Home Grown Hops - Part 2 of 3: Second year plants and drying techniques.

Welcome back! You’ve made it through your first year of growing, so what's next? Now it’s time to get excited because this year your established plants are about to show significant growth and cone production. For Part 2 of this series, we have also enlisted friend and customer, David Aiken of Checkerhead Brewing in Shirley, BC who has also been cultivating his own backyard hops for the last few years. We hope you’ll find his insights and videos on growing hops at home helpful. Now, let’s get growing!

 

Where to start?


If you recall where we left the plants in Part 1, there was still 3 feet of growth above the crown. You want to leave this growth on until early spring because while there is sufficient light, the remaining bines can still photosynthesize - the biological process of converting light into chemical energy - and transfer those stored nutrients to the crown, better preparing the plant for the upcoming season.

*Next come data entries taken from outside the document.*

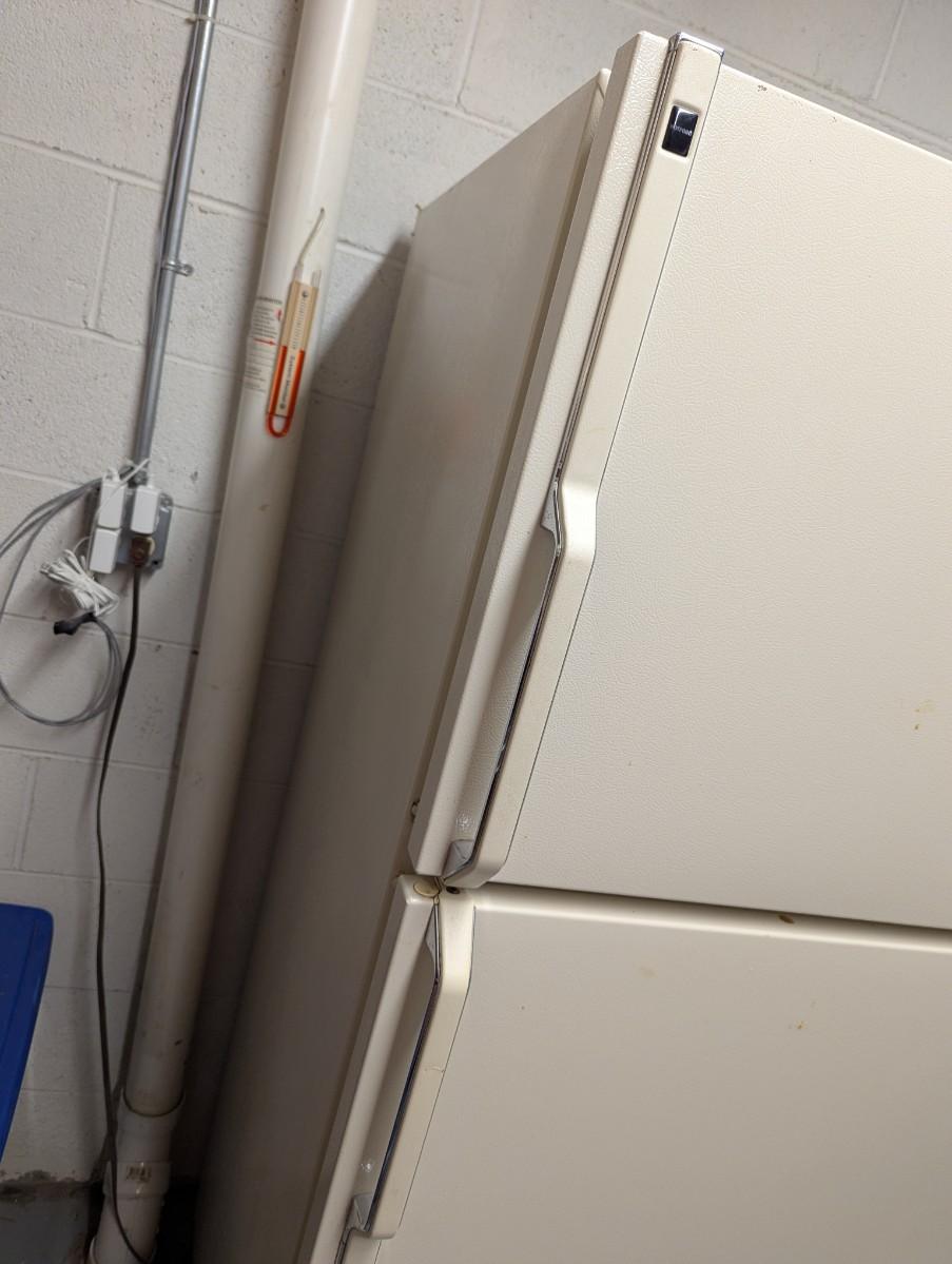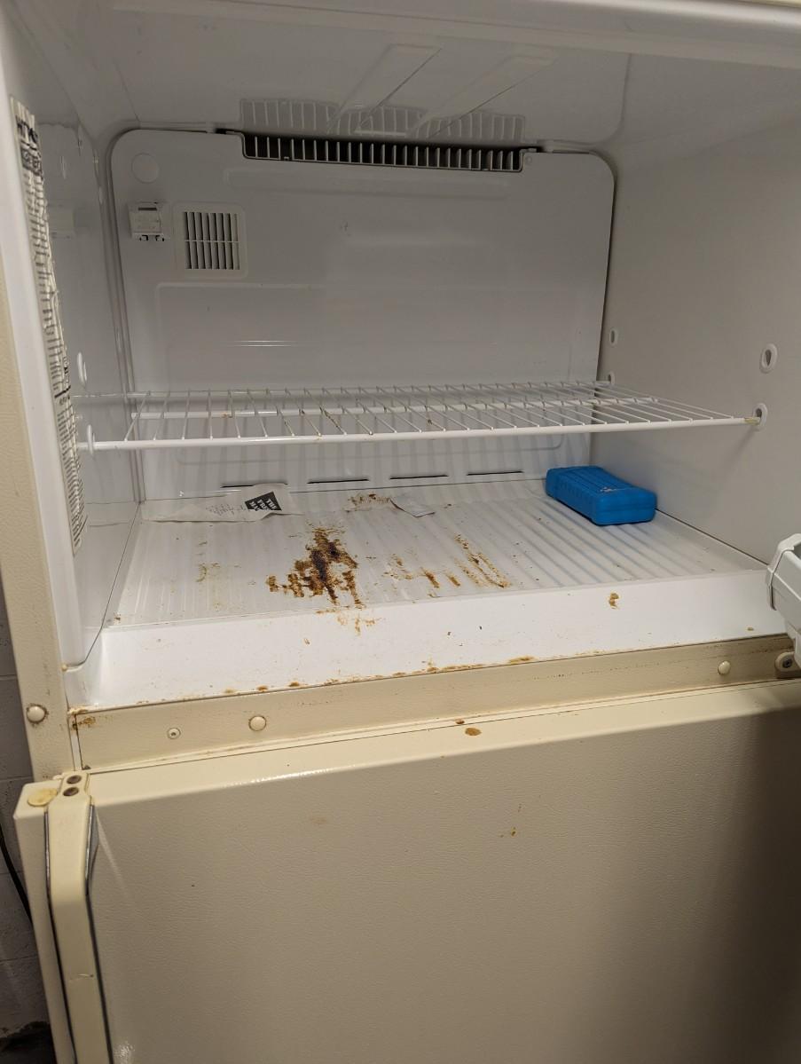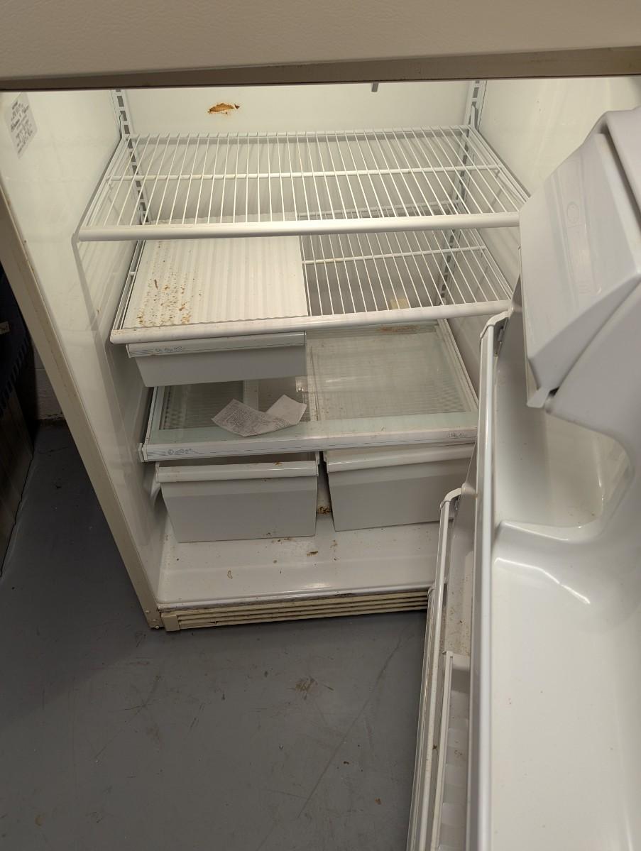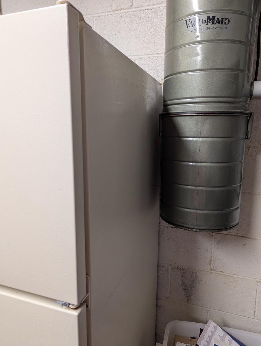 It is down stairs there is a sliding door to go out at the back of the house and go up some stairs to the driveway - does need cleaning - did power on when tested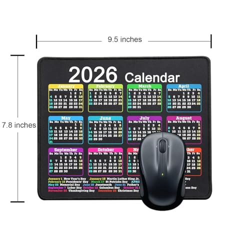 Mouse Pad with Non-Slip Rubber Base, Waterproof Computer Mousepad with Stitched Edges, Mouse Pads for Computers, Laptop, Gaming, Office & Home, 9.5 x 7.8 in (Black Calendar 2026)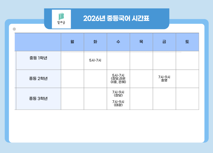 긴긴 겨울방학이 끝나고 이제 다음주면 새로운 학기가 시작됩니다. 많이들 문의 주셨던 중등부 국어 교과 수업 시간이 확정되어 안내드립니다. 첨부된 이미지의 시간표를 참고해주세요. 중등부 국어 교과 수업과 논술 수업은 다릅니다. 논술 수업은 다양한 관점의 글을 읽고 근거를 들어 자신의 생각을 이야기 하고 글을 쓰는 수업입니다. 지필평가보다는 수행평가에 조금 더 유리한 수업이고요. 국어 교과 수업은 국어과에서 필요한 개념을 숙지하고 문제를 해결하는 능력을 키워내는 수업입니다. 문학에서의 개념, 문제를 해결하는 방법 문법 개념, 문제풀이 교과서의 글을 읽어내는 연습 등을 하게 됩니다. 혼자 공부해서 국어과의 개념을 잡....... <img src="https://blogthumb.pstatic.net/MjAyNjAyMjNfMTEg/MDAxNzcxODIwNzczNzE4.3ODAleuRlTD9AuoKEJtqalPUDUEOET4CPydVkKRN8_kg.gIIqsaBbghYT5INTOe6fTiHj6u61jsP2jbYKowbMs1wg.PNG/%C1%DF%B5%EE%B1%B9%BE%EE_%BD%C3%B0%A3%C7%A5%282026%3A3%BF%F9%29.png?type=s3" />

After the risk of frost for your area has passed and the new shoots have not yet emerged, it’s time to do some spring cleaning. You want to start by cutting away all of the previous year’s growth and bines down to the soil and clear away any other debris that may have built up over the winter - fallen leaves etc. This is done to limit the chance of any mould or disease that may have built up over the winter, from affecting the new growth of your plant. Once you have your growing area cleaned up and ready for the new shoots to arrive, it’s time to work on your trellis system.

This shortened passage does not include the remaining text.